**Prompt**
Beginning with the line containing "de pique-nique. Dès" and ending with the line containing "проекта – И.Е. Романов.", write out each line of the records below exactly; pictures and lines outside that range are left out.

Items from a dataset:

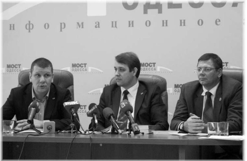
На фото: спільна прес-конференція Одеської обласної організації КВУ та Головного управління юстиції в Одеській області
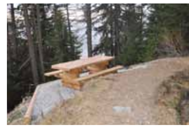
> Nouvelle table

de pique-nique. Dès 2010 une fontaine sera installée afin que les randonneurs puissent se désaltérer après une bonne journée de marche ou remplir leur gourde avec de l'eau fraîche.
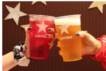
船内で提供されるドリンク
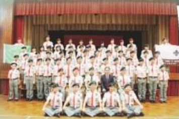
中一課後學習活動——制服隊伍
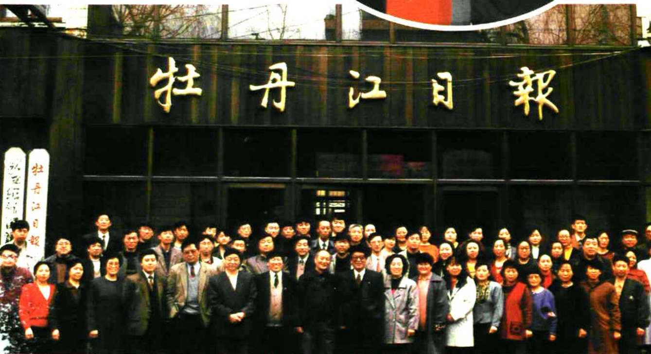
报社领导同志和出席第四届工会会员代表大会的代表合影。
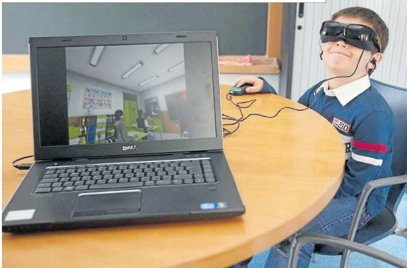
Un niño realiza en un centro escolar una prueba relacionada con el trastorno de déficit de atención e hiperactividad (TDH-A).
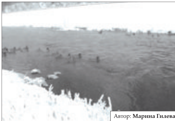
Автор: Марина Гилева
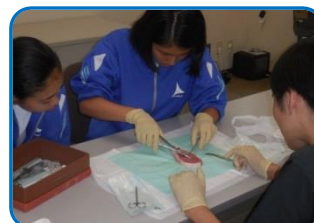
手術器具と豚肉を使って、 外科縫合体験
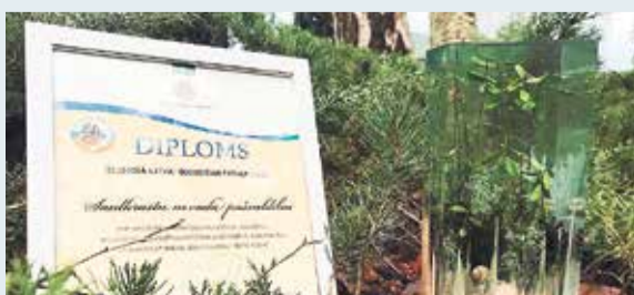
Saņemta ceļojošā balva „Ekosistēmu pakalpojumi”
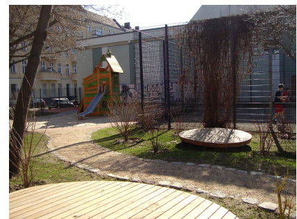
Die neue Spielfläche für die Kita-Kinder am Dathe-Gymnasium
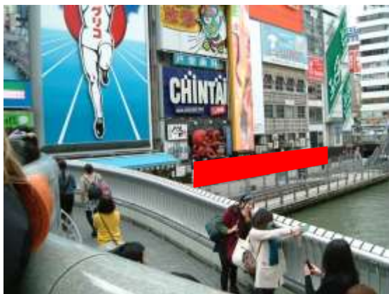
A 戒橋から道頓堀川を望む

大阪を代表する繁華街、道頓堀。「とんぼり」の愛称でも知られています。「グリコネオン」など大阪を代表する多くのネオン広告が、名所となっており、松竹座、国立文楽劇場などの大阪文化の発信、また「くいだおれ」「かに道楽」などの大阪のランドマーク的なエリアとなっています。また最近では海外からのインバウンド旅行客が多く、一度は訪れる観光名所となっています。その道頓堀の中心、「戒橋」では1日平均20万人(休日は35万人)の人が行き交い、外国人も年々多くなっています。その戒橋眼下の遊歩道に、この度、「とんぼりロングボード」を開発し、設置することになりました。
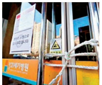
▲光州21世紀醫院4日起封院隔離《朝鮮日報》
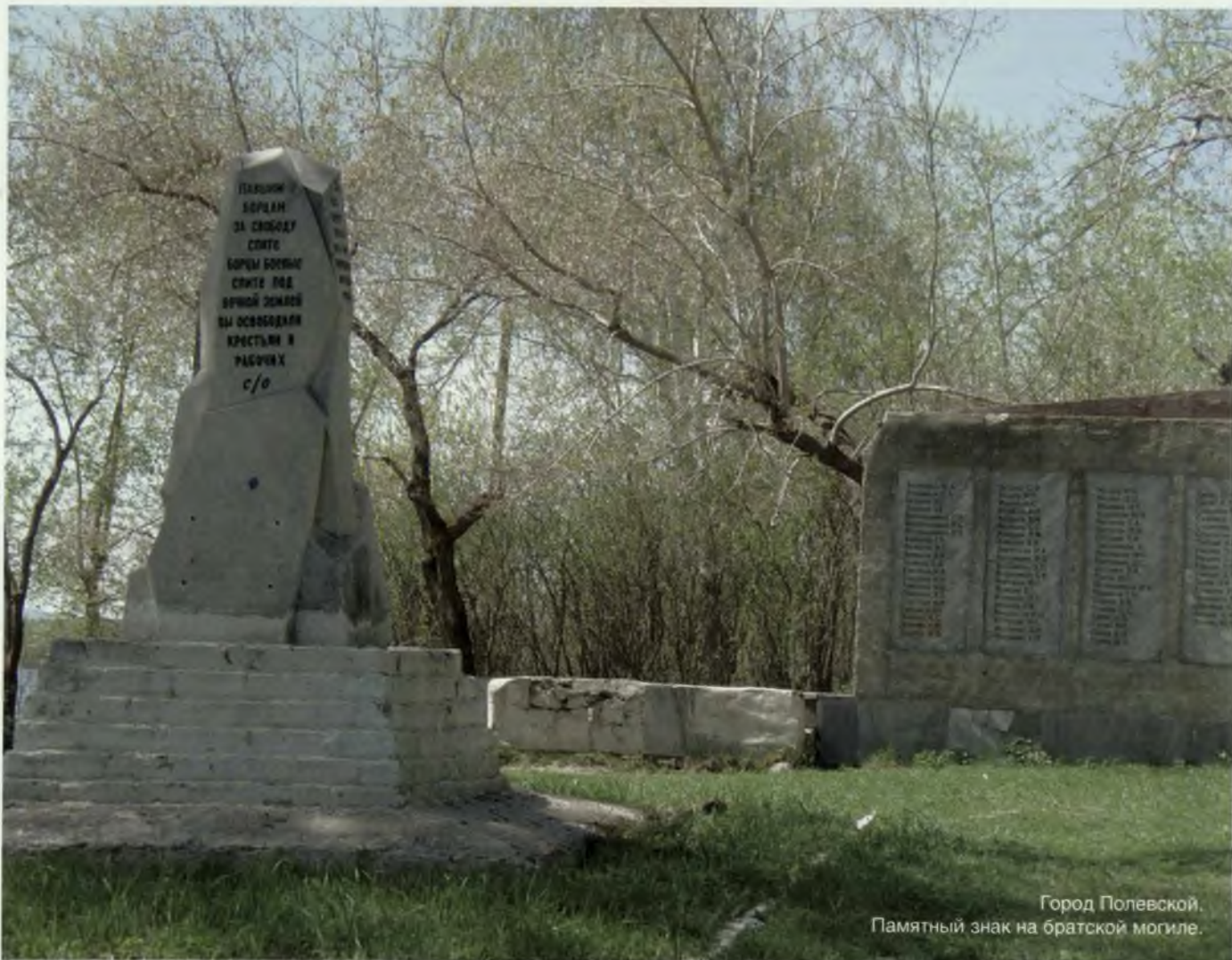
Город Полевской. Памятный знак на братской могиле.

Памятный знак «Защитникам Отечества – воинам гражданской и Великой Отечественной войн». Сооружен в 1965 году. Автор проекта – И.Е. Романов.
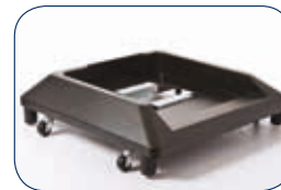
Plataforma estabilizadora (SB-7100) Recomendada cuando se instalan 2 o más bandejas opcionales para incrementar la estabilidad
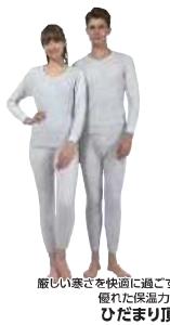
厳しい寒さを快適に過ごす 優れた保温力。 ひだまり頂
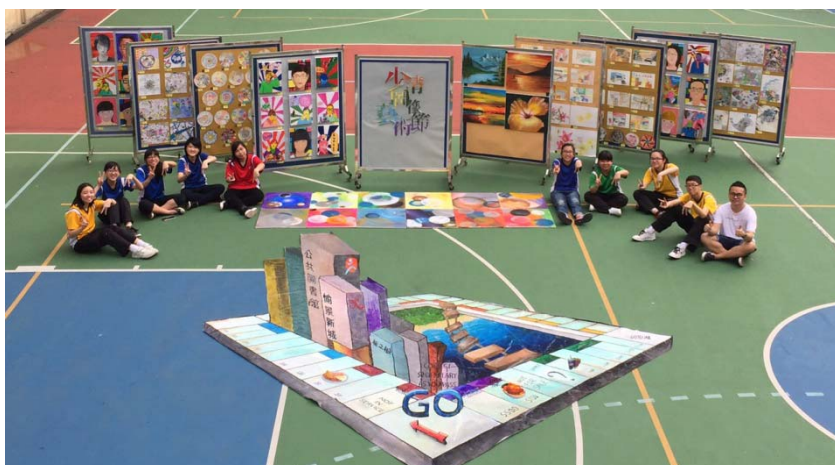
負責籌備藝術節的視藝藝術學會幹事合照
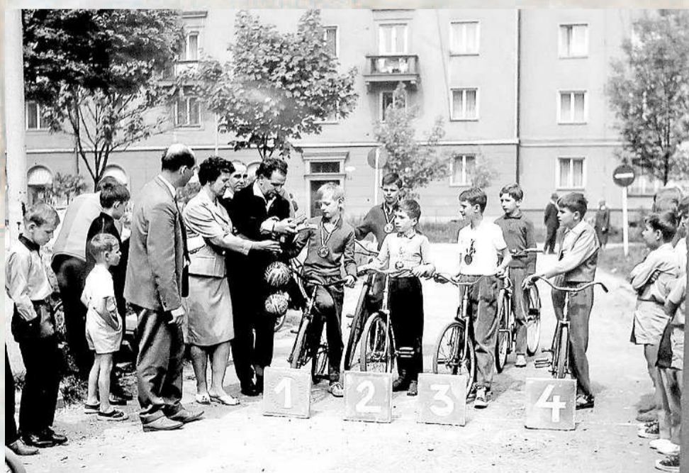
VELMI OBLÍBENÉ byly v mladém městě neformální závody dětí na kolech. Pokaždé dostaly i malou odměnu.
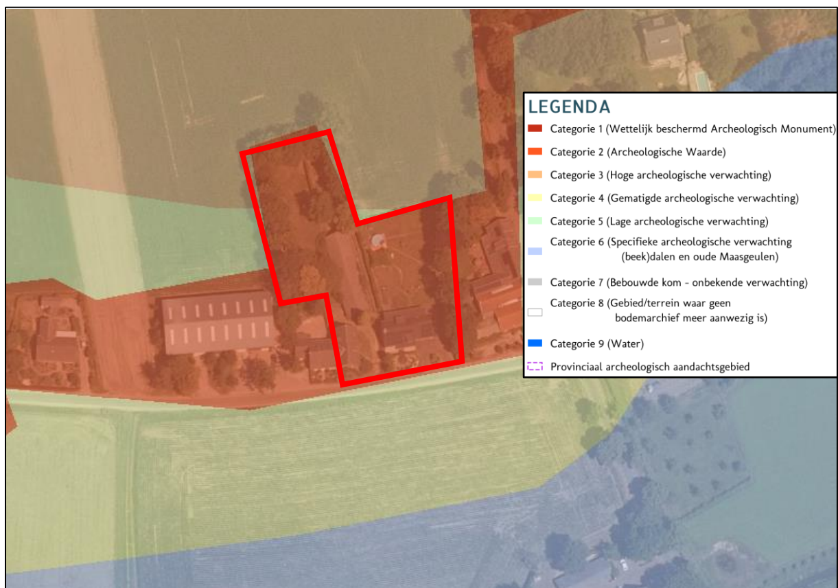
Afbeelding 12. Uitsnede archeologische waardenkaart met plangebied rood omlijnd

De gemeente Horst aan de Maas heeft voor haar grondgebied een Archeologische Maatregelenkaart ontwikkeld welke op 26 mei 2015 is vastgesteld. Conform deze kaart is het plangebied gelegen in een gebied met een archeologische verwachting en met een hoge archeologische verwachting. Conform het vigerende bestemmingsplan zijn aan het plangebied dan ook de dubbelbestemmingen 'Waarde – Archeologie 2' en 'Waarde – Archeologie 3' toegekend.
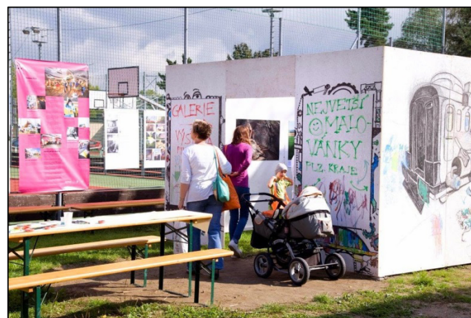
Z akce ITEP 2014

Více fotografií na: https://plus.google.com/photos/110781025921343002945/albums/6067184782588424049
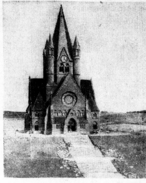
So sah es vor vierunddreißig Jahren aus — Die Zeppelinstraße im Aufbau
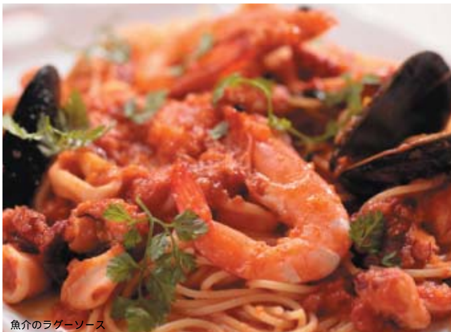
魚介のラグーソース
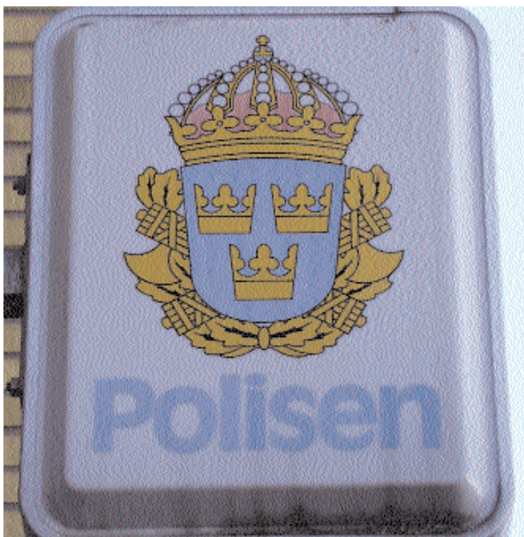
Polisens bemanning i Alvesta kommun är under all kritik. Problemet har varit känt länge, men först några veckor innan valet agerar den socialdemokratiskt ledda majoriteten och försöker inkassera billiga poäng.

Brev om att kriminella asylsökande ska utvisas ur landet har sänts till bland annat polismyndigheten i länet. Alvesta Alternativet är naturligtvis nöjda med att socialdemokraterna efter
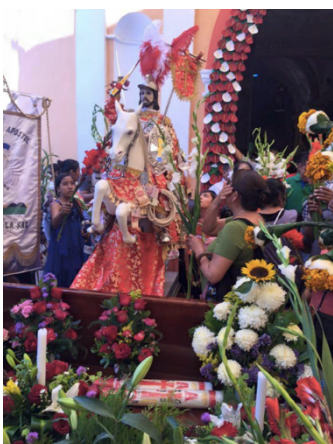
Imagen 2. Santiago Apóstol, santo de Chila de la Sal en la fiesta de mayo. Hernández Soto 2015

Las vestimentas del santo provienen de las compras que han hecho los migrantes en Nueva York. El santo está envuelto en billetes de diez hasta 100 dólares, dinero prensado en sus vestidos por migrantes que regresan a Chila de la Sal quienes lo ofrecen como símbolo de agradecimiento o en su caso, lo colocan familiares que reciben remesas para pedirle al santo por el bienestar de los que se encuentran en el país fronterizo. Personas muy mayores de Chila de la Sal me comentaron que esta tradición tendrá unos veinte años, desde que la mayoría de las personas emigran a Estados Unidos, pues anteriormente no se llevaba a cabo.
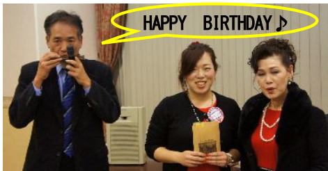
大阪YMCA会館1階のクリスマスツリー

各々この1年に始めたものの事、感動したこと、入会秘話、そしてワイズを通して感じていることを、ほんと皆さんお話し上手で、楽しく聞かせてもらいました。
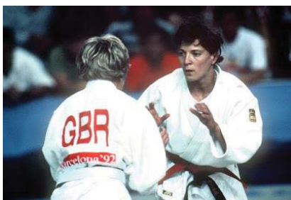
Ilustración 4: Miriam Blasco, JJOO Barcelona 92.

El gran año para el deporte español fue 1992, con la celebración de los Juegos Olímpicos de Barcelona, cuya repercusión en el deporte femenino otorgó medallas de Oro para Miriam Blasco y Almudena Muñoz en judo y para Theresa Zabell y Patricia Guerra en vela, consiguió la medalla de plata en gimnasia rítmica Carolina Pascual y en dobles femeninos de tenis Conchita Martínez y Arantxa Sánchez Vicario; además esta última logro también el bronce en tenis individual femenino. (Sánchez, 2016)
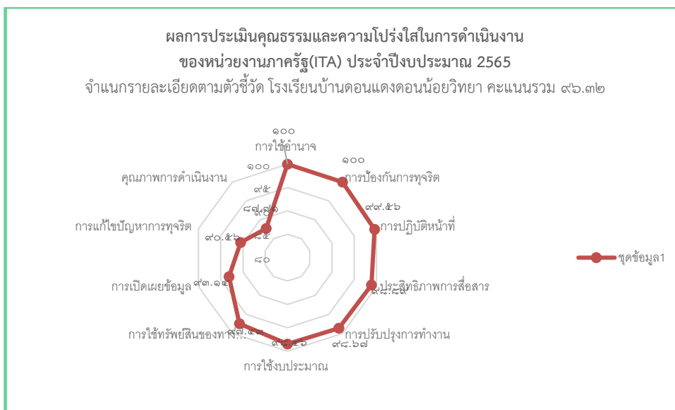
แผนภาพที่ ๒ ผลการประเมินจำแนกรายละเอียดตามตัวชี้วัด
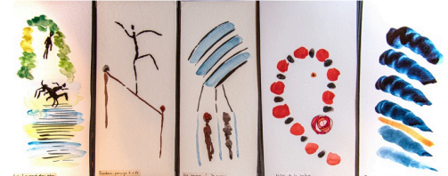
Aquarelles de Claudine Goux et poésie (© Tous droits réservés - 2022)
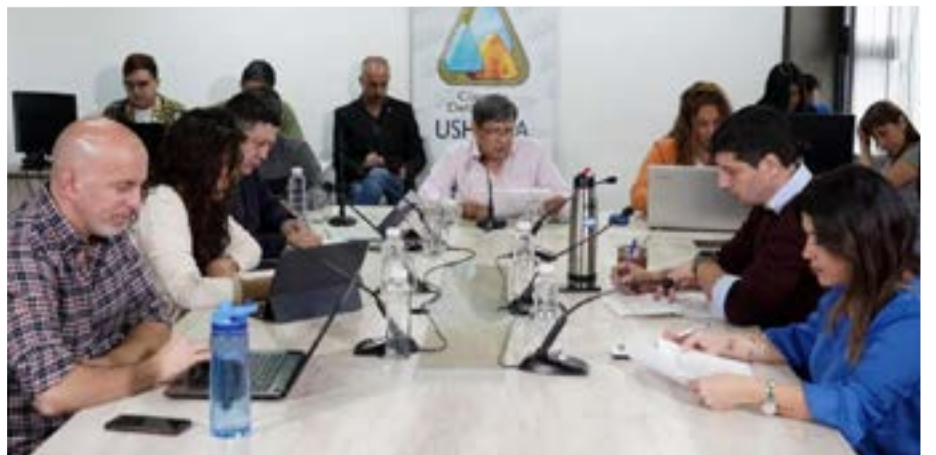
"Las Islas Malvinas, Georgias y Sandwich del Sur son y serán argentinas"

De esta manera, el Concejo Deliberante se prepara para sesionar por cuarta vez dentro del XL período legislativo. La sesión se desarrollará el miércoles 28 de junio, desde las 11 horas, en el edificio de Gobernador Paz y Piedra Buena. La invitación es para interesados y comunidad en general, y se transmitirá por la red social Facebook de la Institución.
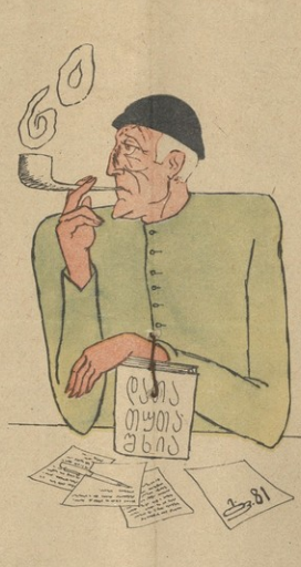
გვიგზობუა შარგი 3. 90698563555

შენ ვიიონი ფრნსუას ლექსის რიტორიკით უნდა თქვა მხოლოდ: «დამინრობ მე ნიგინს ანუ, ან ვიხინი ყელზე დაკიდულ დილბას!»

**Answer below**
de pique-nique. Dès 2010 une fontaine sera installée afin que les randonneurs puissent se désaltérer après une bonne journée de marche ou remplir leur gourde avec de l'eau fraîche.
船内で提供されるドリンク
中一課後學習活動——制服隊伍
报社领导同志和出席第四届工会会员代表大会的代表合影。
Un niño realiza en un centro escolar una prueba relacionada con el trastorno de déficit de atención e hiperactividad (TDH-A).
Автор: Марина Гилева
手術器具と豚肉を使って、 外科縫合体験
Saņemta ceļojošā balva „Ekosistēmu pakalpojumi”
Die neue Spielfläche für die Kita-Kinder am Dathe-Gymnasium
A 戒橋から道頓堀川を望む

大阪を代表する繁華街、道頓堀。「とんぼり」の愛称でも知られています。「グリコネオン」など大阪を代表する多くのネオン広告が、名所となっており、松竹座、国立文楽劇場などの大阪文化の発信、また「くいだおれ」「かに道楽」などの大阪のランドマーク的なエリアとなっています。また最近では海外からのインバウンド旅行客が多く、一度は訪れる観光名所となっています。その道頓堀の中心、「戒橋」では1日平均20万人(休日は35万人)の人が行き交い、外国人も年々多くなっています。その戒橋眼下の遊歩道に、この度、「とんぼりロングボード」を開発し、設置することになりました。
▲光州21世紀醫院4日起封院隔離《朝鮮日報》
Город Полевской. Памятный знак на братской могиле.

Памятный знак «Защитникам Отечества – воинам гражданской и Великой Отечественной войн». Сооружен в 1965 году. Автор проекта – И.Е. Романов.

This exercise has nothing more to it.